Meiirim Nursultanov

Personal information
- Nationality: Kazakh
- Born: 29 July 1993 (age 32) Merki, Kazakhstan
- Height: 6 ft (183 cm)
- Weight: Middleweight

Boxing career
- Stance: Orthodox

Boxing record
- Total fights: 20
- Wins: 20
- Win by KO: 11

= Meiirim Nursultanov =

Kazakh boxer

Meiirim Nursultanov (born July 29, 1993) is a Kazakh professional boxer. Nursultanov has held the WBO International Middleweight title since 2022.

==Boxing career==
As an amateur, Nursultanov won the 2015 Kazakhstan National Title and fought in World Series of Boxing.
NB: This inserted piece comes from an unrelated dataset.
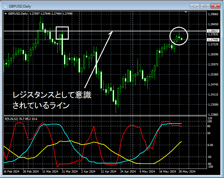上の日足で白い円で囲ったあたりを見ると過去に数回レジスタンスとして機能してきた水平線付近まで上昇しており、この水平線を明確に上抜けするまでは下位足で戻り売りを考えてもおかしくない場面かもしれない。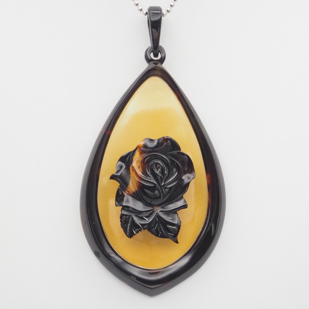 J 632 特大 鼈甲 べっ甲 ペンダントトップ 薔薇 ローズ デザイン チャーム ヘッド

Nursultanov, originally from Kazakhstan but training out of Los Angeles, made his professional debut November 19, 2016. He gained the WBO International Middleweight title in February 2022, and on April 15, 2023, he retained his title by KO against Kazuto Takesato in the eighth round. On November 17, 2023, Nursultanov won via Unanimous Decision over Chile's Julio Alamos.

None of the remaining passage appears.